*** Begin section ***
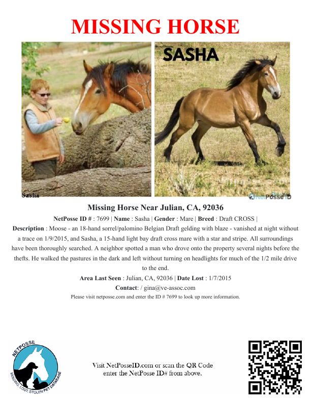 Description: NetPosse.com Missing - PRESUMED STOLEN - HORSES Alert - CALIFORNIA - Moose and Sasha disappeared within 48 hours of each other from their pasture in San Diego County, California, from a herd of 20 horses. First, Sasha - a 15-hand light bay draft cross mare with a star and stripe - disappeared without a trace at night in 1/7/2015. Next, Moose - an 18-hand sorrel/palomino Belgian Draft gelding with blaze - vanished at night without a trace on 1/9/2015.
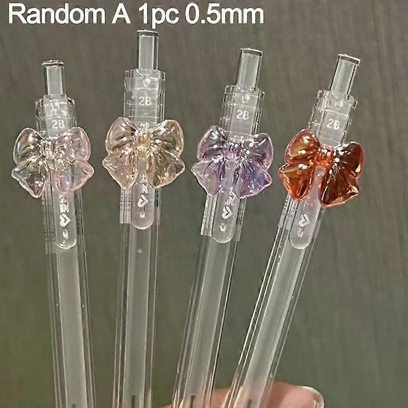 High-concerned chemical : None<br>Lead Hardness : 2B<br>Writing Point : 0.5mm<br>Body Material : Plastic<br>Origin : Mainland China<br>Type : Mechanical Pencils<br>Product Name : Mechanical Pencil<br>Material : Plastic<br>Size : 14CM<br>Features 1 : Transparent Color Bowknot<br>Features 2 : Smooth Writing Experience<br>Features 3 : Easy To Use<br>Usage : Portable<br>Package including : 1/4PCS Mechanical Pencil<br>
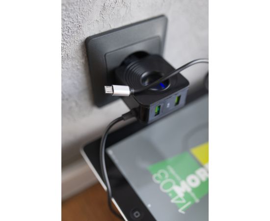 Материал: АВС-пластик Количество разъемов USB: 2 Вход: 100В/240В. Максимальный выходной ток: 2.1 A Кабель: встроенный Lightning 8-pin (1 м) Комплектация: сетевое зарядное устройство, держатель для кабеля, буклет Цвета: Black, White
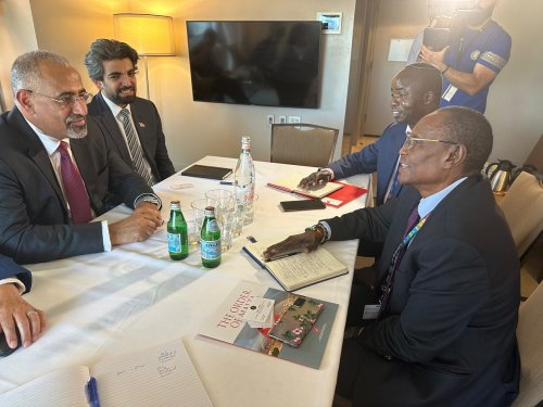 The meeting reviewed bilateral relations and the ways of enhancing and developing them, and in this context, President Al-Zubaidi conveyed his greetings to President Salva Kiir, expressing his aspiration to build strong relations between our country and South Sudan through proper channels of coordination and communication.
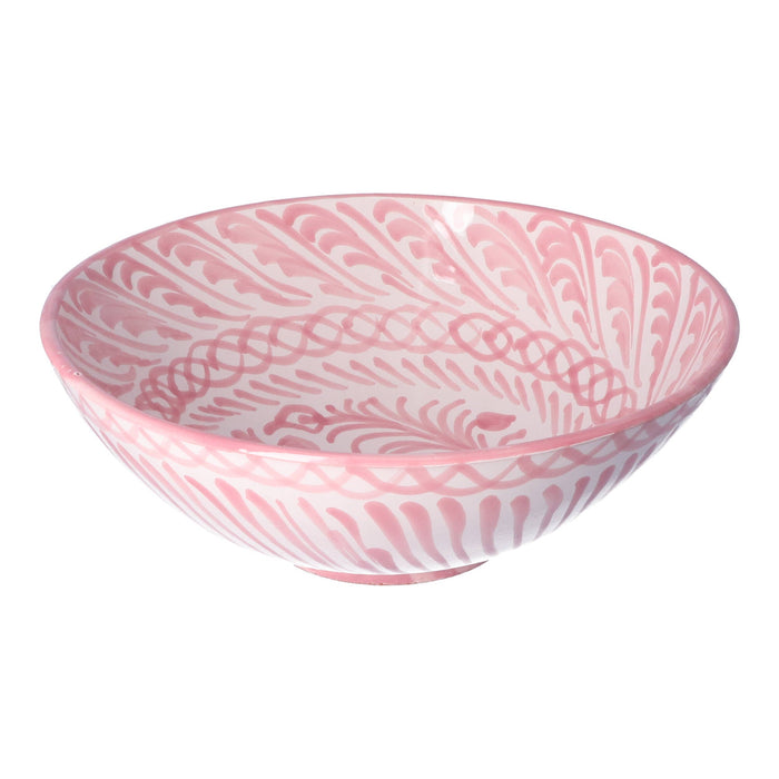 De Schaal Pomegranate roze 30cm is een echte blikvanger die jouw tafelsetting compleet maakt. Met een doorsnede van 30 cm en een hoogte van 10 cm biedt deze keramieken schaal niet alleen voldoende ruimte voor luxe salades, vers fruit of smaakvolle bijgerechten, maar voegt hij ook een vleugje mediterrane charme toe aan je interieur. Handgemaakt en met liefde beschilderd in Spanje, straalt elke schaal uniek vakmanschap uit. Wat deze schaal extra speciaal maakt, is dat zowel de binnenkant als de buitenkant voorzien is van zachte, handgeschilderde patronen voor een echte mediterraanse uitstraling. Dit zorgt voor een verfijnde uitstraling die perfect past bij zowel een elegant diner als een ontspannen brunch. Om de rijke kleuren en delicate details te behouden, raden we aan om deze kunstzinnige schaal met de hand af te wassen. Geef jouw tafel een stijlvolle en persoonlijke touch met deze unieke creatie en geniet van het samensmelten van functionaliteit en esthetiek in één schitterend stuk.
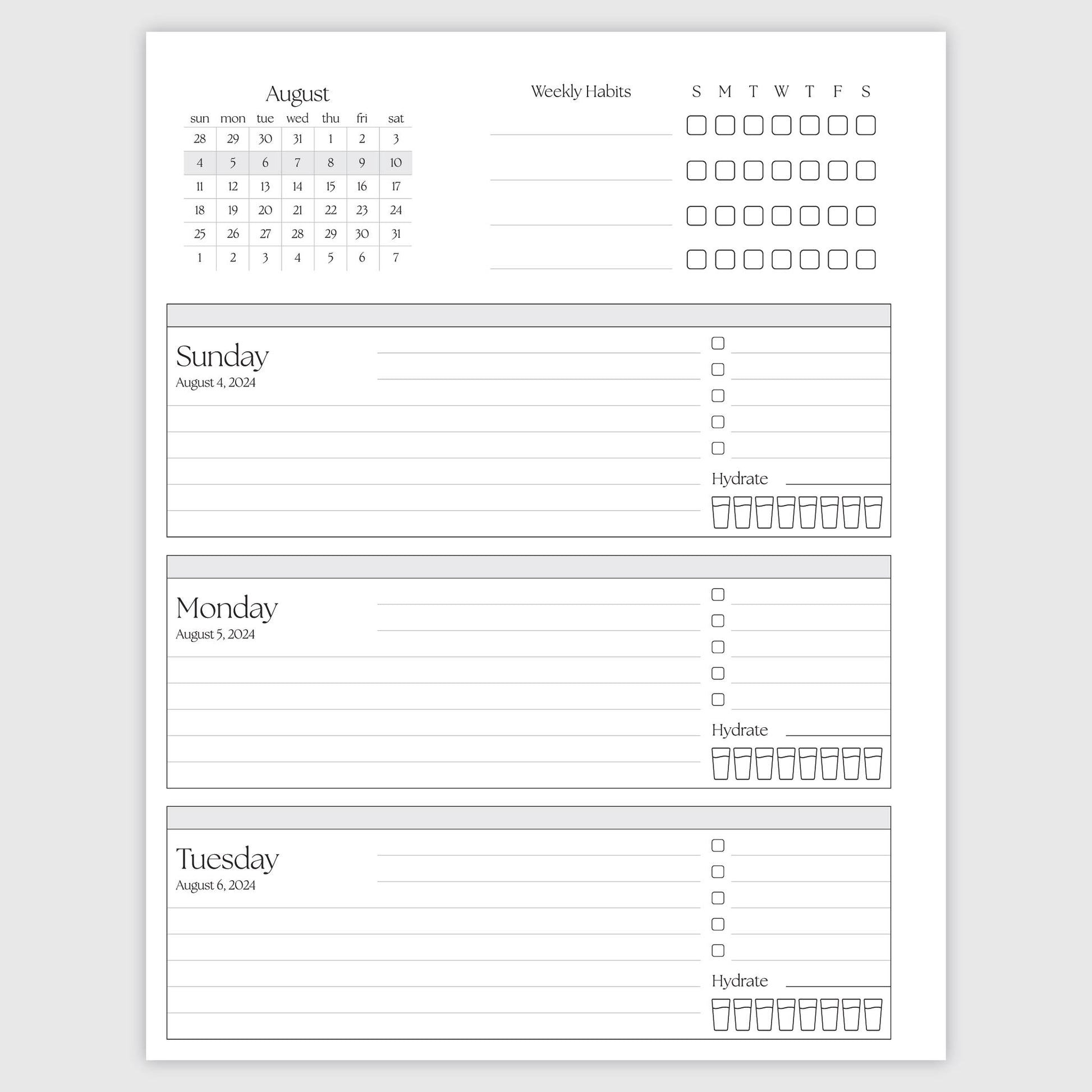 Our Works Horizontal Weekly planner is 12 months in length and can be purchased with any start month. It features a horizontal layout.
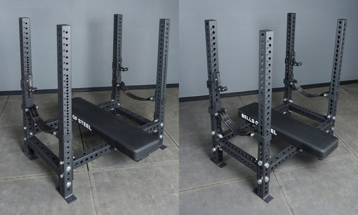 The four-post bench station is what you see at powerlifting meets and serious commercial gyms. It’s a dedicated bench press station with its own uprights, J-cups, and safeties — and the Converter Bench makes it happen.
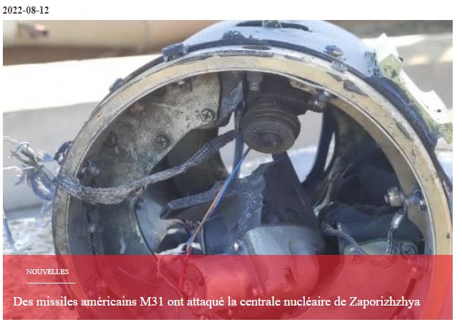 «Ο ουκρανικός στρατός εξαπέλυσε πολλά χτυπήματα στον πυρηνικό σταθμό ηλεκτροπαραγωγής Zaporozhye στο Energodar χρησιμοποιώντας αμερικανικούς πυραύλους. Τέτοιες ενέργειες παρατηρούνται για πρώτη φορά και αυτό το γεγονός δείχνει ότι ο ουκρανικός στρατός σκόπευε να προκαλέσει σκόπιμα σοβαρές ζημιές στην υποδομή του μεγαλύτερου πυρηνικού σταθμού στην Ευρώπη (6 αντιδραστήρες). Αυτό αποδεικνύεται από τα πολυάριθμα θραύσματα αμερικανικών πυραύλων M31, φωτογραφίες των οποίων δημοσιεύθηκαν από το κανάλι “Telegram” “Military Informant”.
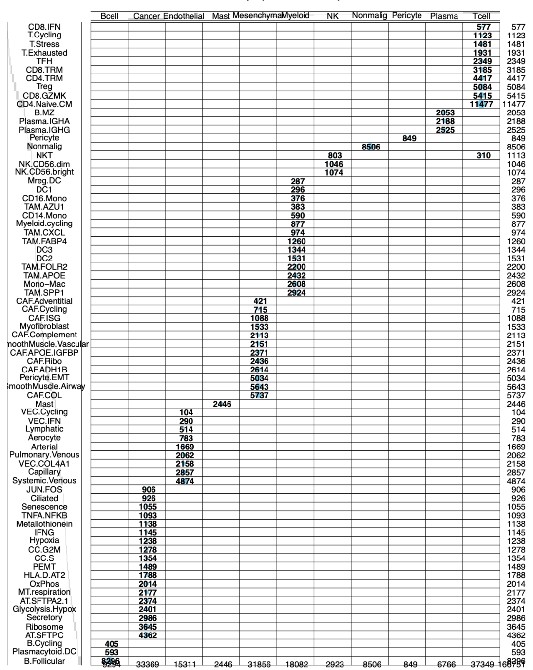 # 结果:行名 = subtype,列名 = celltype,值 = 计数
*** End section ***
- Exercise requirements -
The records above are to be retyped exactly, with every picture left out.

- Problem solution -
 Description: NetPosse.com Missing - PRESUMED STOLEN - HORSES Alert - CALIFORNIA - Moose and Sasha disappeared within 48 hours of each other from their pasture in San Diego County, California, from a herd of 20 horses. First, Sasha - a 15-hand light bay draft cross mare with a star and stripe - disappeared without a trace at night in 1/7/2015. Next, Moose - an 18-hand sorrel/palomino Belgian Draft gelding with blaze - vanished at night without a trace on 1/9/2015.
 High-concerned chemical : None<br>Lead Hardness : 2B<br>Writing Point : 0.5mm<br>Body Material : Plastic<br>Origin : Mainland China<br>Type : Mechanical Pencils<br>Product Name : Mechanical Pencil<br>Material : Plastic<br>Size : 14CM<br>Features 1 : Transparent Color Bowknot<br>Features 2 : Smooth Writing Experience<br>Features 3 : Easy To Use<br>Usage : Portable<br>Package including : 1/4PCS Mechanical Pencil<br>
 Материал: АВС-пластик Количество разъемов USB: 2 Вход: 100В/240В. Максимальный выходной ток: 2.1 A Кабель: встроенный Lightning 8-pin (1 м) Комплектация: сетевое зарядное устройство, держатель для кабеля, буклет Цвета: Black, White
 The meeting reviewed bilateral relations and the ways of enhancing and developing them, and in this context, President Al-Zubaidi conveyed his greetings to President Salva Kiir, expressing his aspiration to build strong relations between our country and South Sudan through proper channels of coordination and communication.
 De Schaal Pomegranate roze 30cm is een echte blikvanger die jouw tafelsetting compleet maakt. Met een doorsnede van 30 cm en een hoogte van 10 cm biedt deze keramieken schaal niet alleen voldoende ruimte voor luxe salades, vers fruit of smaakvolle bijgerechten, maar voegt hij ook een vleugje mediterrane charme toe aan je interieur. Handgemaakt en met liefde beschilderd in Spanje, straalt elke schaal uniek vakmanschap uit. Wat deze schaal extra speciaal maakt, is dat zowel de binnenkant als de buitenkant voorzien is van zachte, handgeschilderde patronen voor een echte mediterraanse uitstraling. Dit zorgt voor een verfijnde uitstraling die perfect past bij zowel een elegant diner als een ontspannen brunch. Om de rijke kleuren en delicate details te behouden, raden we aan om deze kunstzinnige schaal met de hand af te wassen. Geef jouw tafel een stijlvolle en persoonlijke touch met deze unieke creatie en geniet van het samensmelten van functionaliteit en esthetiek in één schitterend stuk.
 Our Works Horizontal Weekly planner is 12 months in length and can be purchased with any start month. It features a horizontal layout.
 The four-post bench station is what you see at powerlifting meets and serious commercial gyms. It’s a dedicated bench press station with its own uprights, J-cups, and safeties — and the Converter Bench makes it happen.
 «Ο ουκρανικός στρατός εξαπέλυσε πολλά χτυπήματα στον πυρηνικό σταθμό ηλεκτροπαραγωγής Zaporozhye στο Energodar χρησιμοποιώντας αμερικανικούς πυραύλους. Τέτοιες ενέργειες παρατηρούνται για πρώτη φορά και αυτό το γεγονός δείχνει ότι ο ουκρανικός στρατός σκόπευε να προκαλέσει σκόπιμα σοβαρές ζημιές στην υποδομή του μεγαλύτερου πυρηνικού σταθμού στην Ευρώπη (6 αντιδραστήρες). Αυτό αποδεικνύεται από τα πολυάριθμα θραύσματα αμερικανικών πυραύλων M31, φωτογραφίες των οποίων δημοσιεύθηκαν από το κανάλι “Telegram” “Military Informant”.
 # 结果:行名 = subtype,列名 = celltype,值 = 计数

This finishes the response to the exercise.